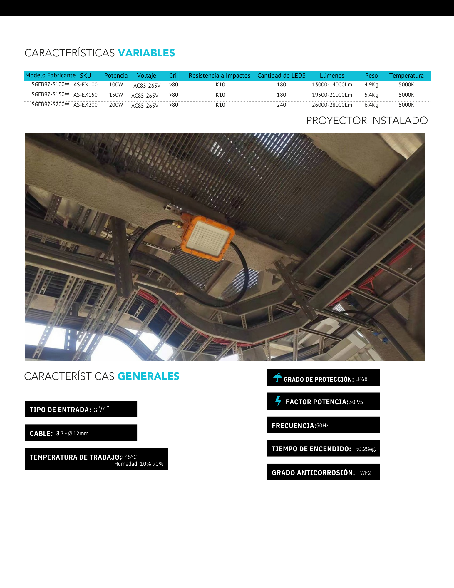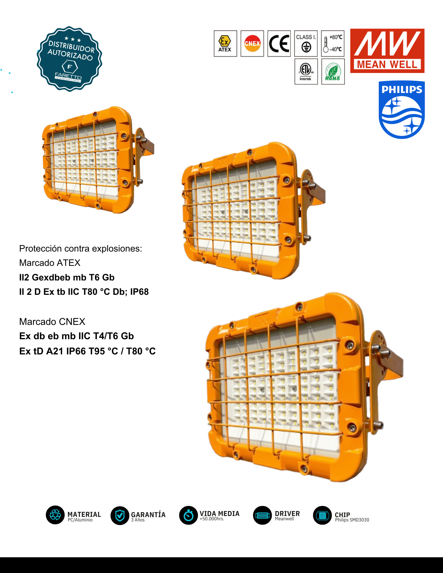 El Proyector LED Antiexplosivo, está diseñado especificamente para operar en entornos industriales peligrosos donde existe riesgo de explosión por la presencia de gases in amables o polvos combustibles. Equipado con tecnología LED de alta e ciencia, este proyector ofrece una iluminación potente, uniforme y de bajo consumo energético. Con una carcasa robusta y sellada IP68, garantiza protección total contra el ingreso de polvo y una resistencia superior a la inmersión temporal en agua. Su diseño antideflagrante y materiales de alta resistencia aseguran un funcionamiento seguro incluso en las condiciones más exigentes. Cuenta con certificación ATEX (Atmosphères Explosibles), lo que lo hace apto para su instalación en zonas clasificadas como Zona 1 y Zona 2 (atmósferas con gases) y/o Zona 21 y Zona 22 (atmósferas con polvo).
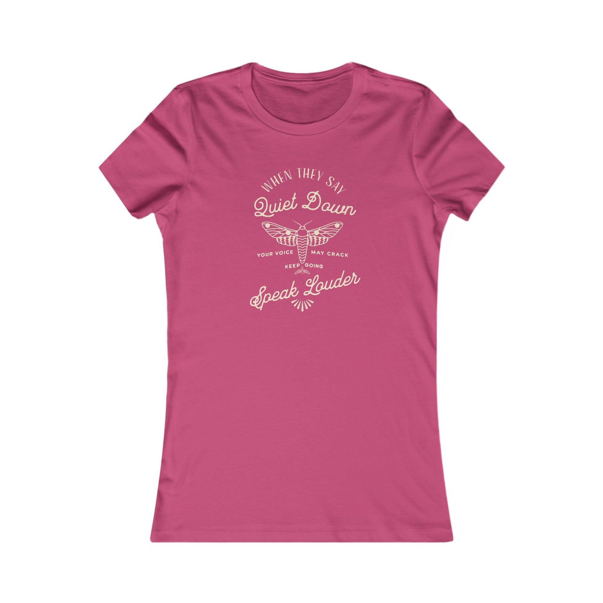 This women’s fitted tee features the phrase “When They Say Quiet Down, Speak Louder” in vintage-inspired lettering, anchored by a resilient moth at the center of the design. Soft, structured, and intentionally bold, it’s made for people who’ve been told to stay small — and decided to take up more space instead.
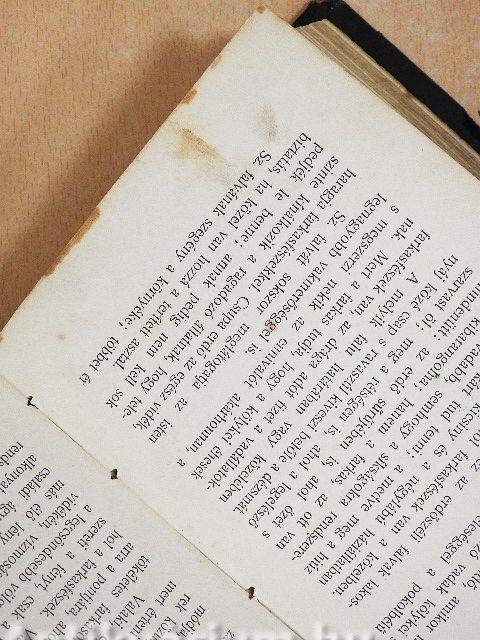 Könyvtári könyv volt. A borító, a lapélek és több lap foltos. A kötés megnyílt. A borító éle sérült.
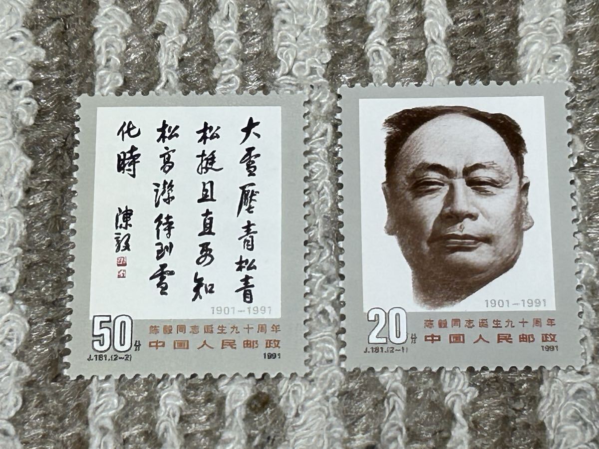 中国切手 中華人民郵政 陳穀同志誕生90周年 2種完 未使用
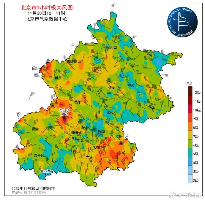 11月30日,北京市气象局官方微博发布大风蓝色预警信号,截至11时,全市阵风7级及以上有398个站(占比58.6%),9级及以上有46个站(占比6.8%)。
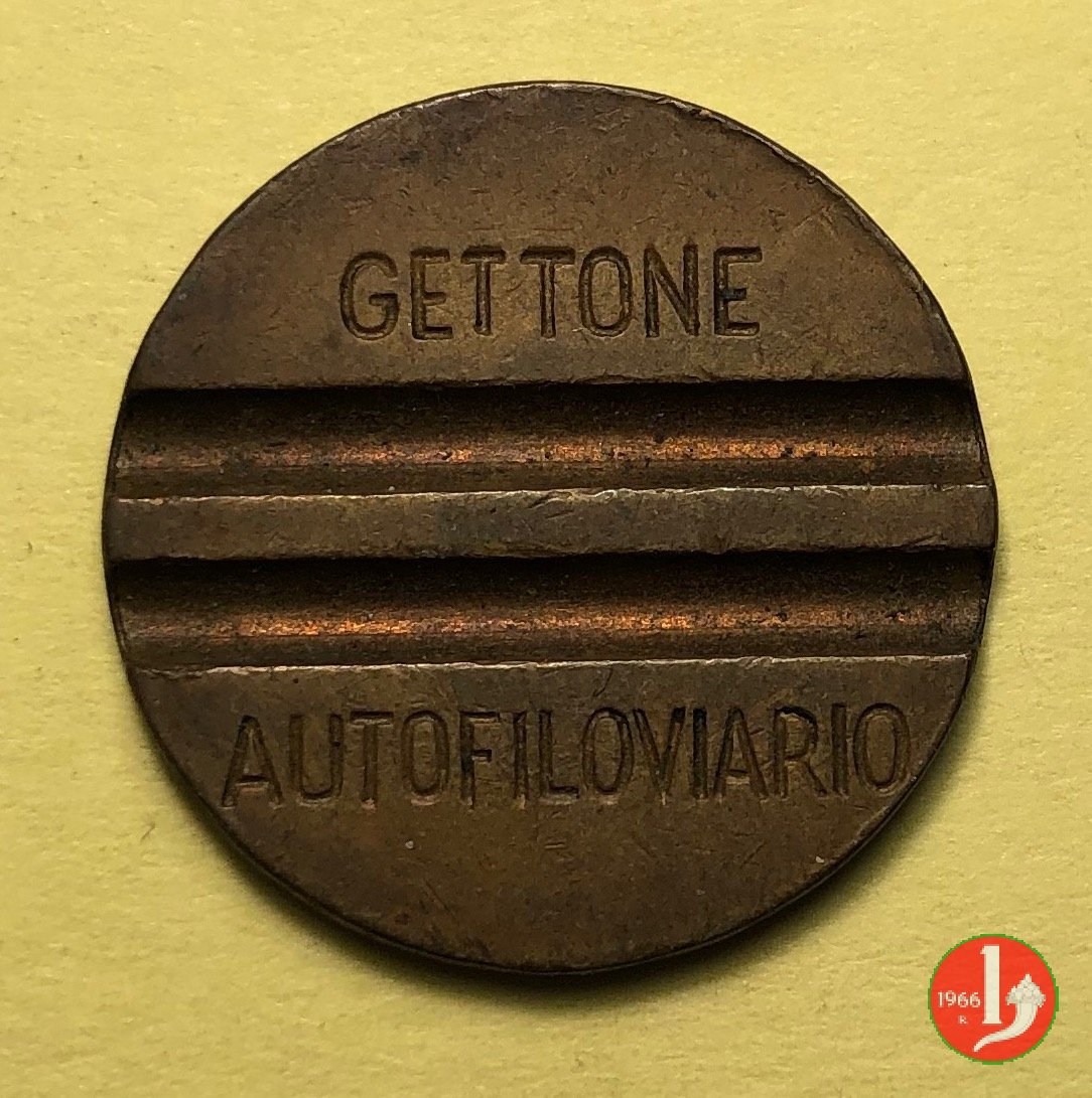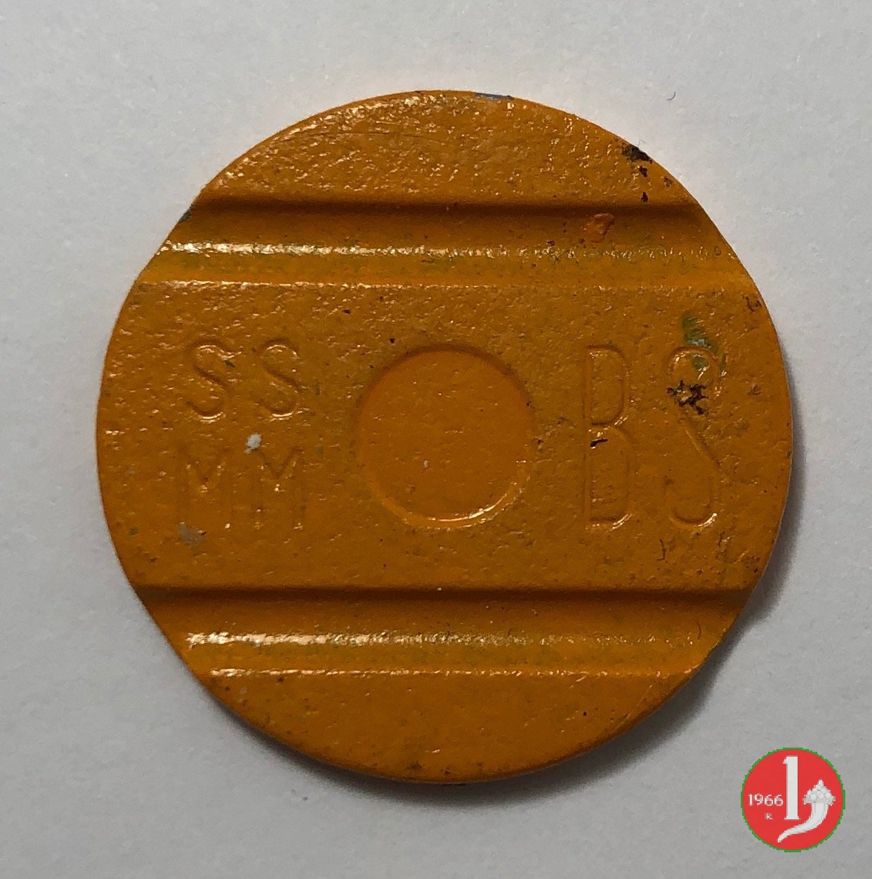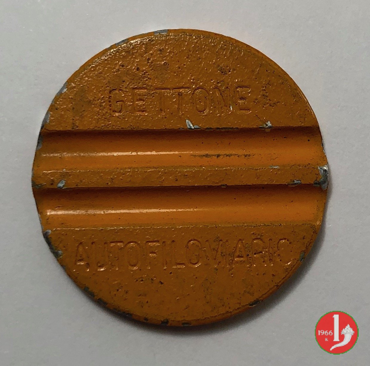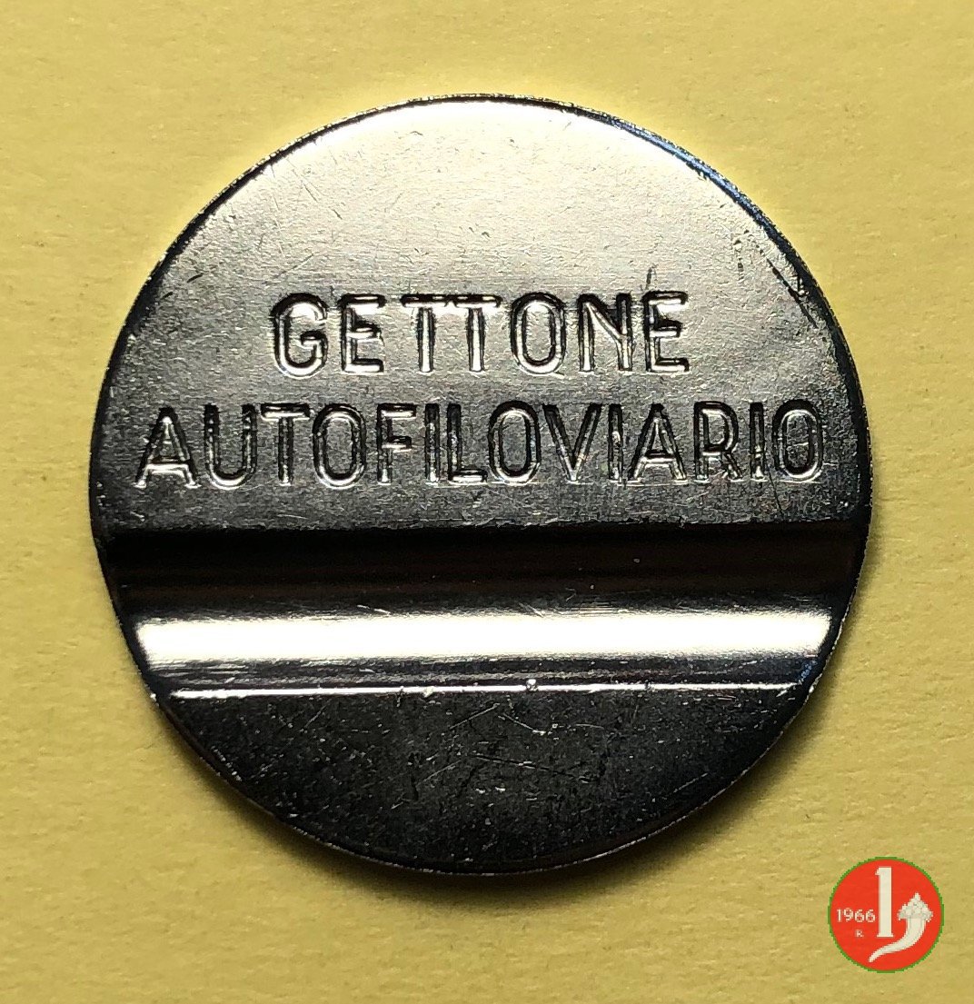 Scritta in incuso du due righe GETTONE AUTOFILOVIARIO con al centro due scanalature ravvicinate. al centro da sinistra sigla SS MM su due righe, al centro filobus stilizzato e a destra sigla BS
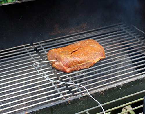 De sondes (ca. 16 cm) bestaan uit roestvrij staal. Het hittebestendige metalen vlechtwerk (ca. 100 cm) is zo dun dat je de ovendeur of het deksel van de grill en de rookoven heel normaal kunt sluiten. Ze hebben geen warmteverlies.

• [WHAT YOU WILL DO]: I would like the exact lines from the data above, starting with the one that holds "11月30日,北京市气象局官" and going on through the one that holds "Scritta in incuso", without the pictures.

• [YOUR SOLUTION]:
 11月30日,北京市气象局官方微博发布大风蓝色预警信号,截至11时,全市阵风7级及以上有398个站(占比58.6%),9级及以上有46个站(占比6.8%)。
 Scritta in incuso du due righe GETTONE AUTOFILOVIARIO con al centro due scanalature ravvicinate. al centro da sinistra sigla SS MM su due righe, al centro filobus stilizzato e a destra sigla BS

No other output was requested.